Plenty of contests are run by reputable marketers and non-profit organizations. But there are some things to know before you drop in a quick entry or follow instructions to claim a prize.

• Real sweepstakes are free and by chance. It’s illegal to ask you to pay or buy something to enter, or to increase your odds of winning.

• Contest promoters might sell your information to advertisers. If you sign up for a contest or a drawing, you’re likely to get more promotional mail, telemarketing calls, or spam.

• Contest promoters have to tell you certain things. If they call you, the law says they have to tell you that entering is free, what the prizes are and their value, the odds of winning, and how you’d redeem a prize.

• Sweepstakes mailings must say you don’t have to pay to participate. They also can’t claim you’re a winner unless you’ve actually won a prize. And if they include a fake check in their mailing, it has to clearly say that it’s non-negotiable and has no cash value.

A special note about skills contests.
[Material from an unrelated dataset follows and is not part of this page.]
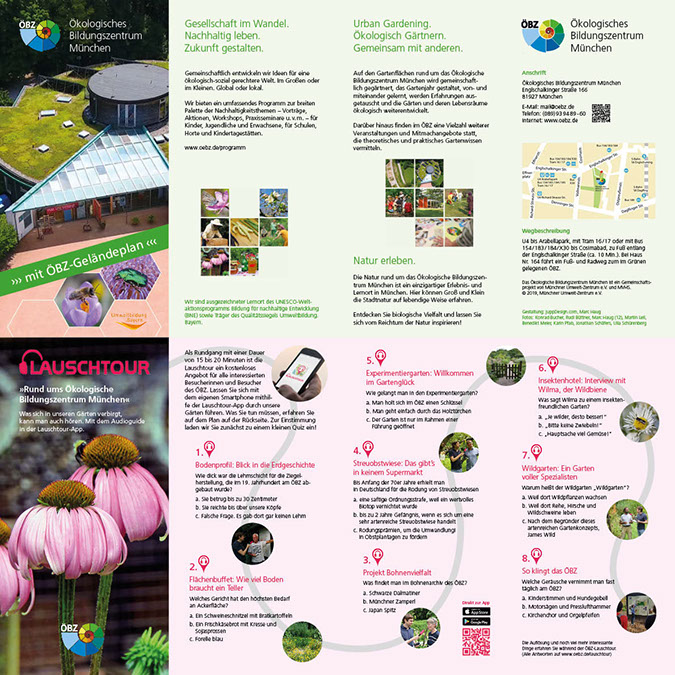 Faltplan Gestaltung eines achtseitigen Info- und Audioführers im Taschenformat mit allgemeinen Hinweisen zu Sinn und Zweck des Bildungszentrums, einem Lauschtour-Quiz

A skills contest — where you do things like solve problems or answer questions correctly to earn prizes — can ask you to pay to play. But you might end up paying repeatedly, with each round getting more difficult and expensive, before you realize it’s impossible to win or just a scam. Skills contests can leave contestants with nothing to show for their money and effort.

What To Do if You Paid a Scammer

Scammers often ask you to pay in ways that make it tough to get your money back. No matter how you paid a scammer, the sooner you act, the better. Learn more about how to get your money back.

Report Prize Winnings and Lottery Scams

If you think you’ve been targeted by a prize scam:

• Report it to the FTC at ReportFraud.ftc.gov
• You also can contact your state attorney general and your local consumer protection office.
• If the prize promotion came in the mail, report it to the US. Postal Inspection Service.
• If you think you gave your personal information to a scammer, go to IdentityTheft.gov for steps you can take to protect your identity.
• Tell your friends and family. You could help them avoid getting scammed.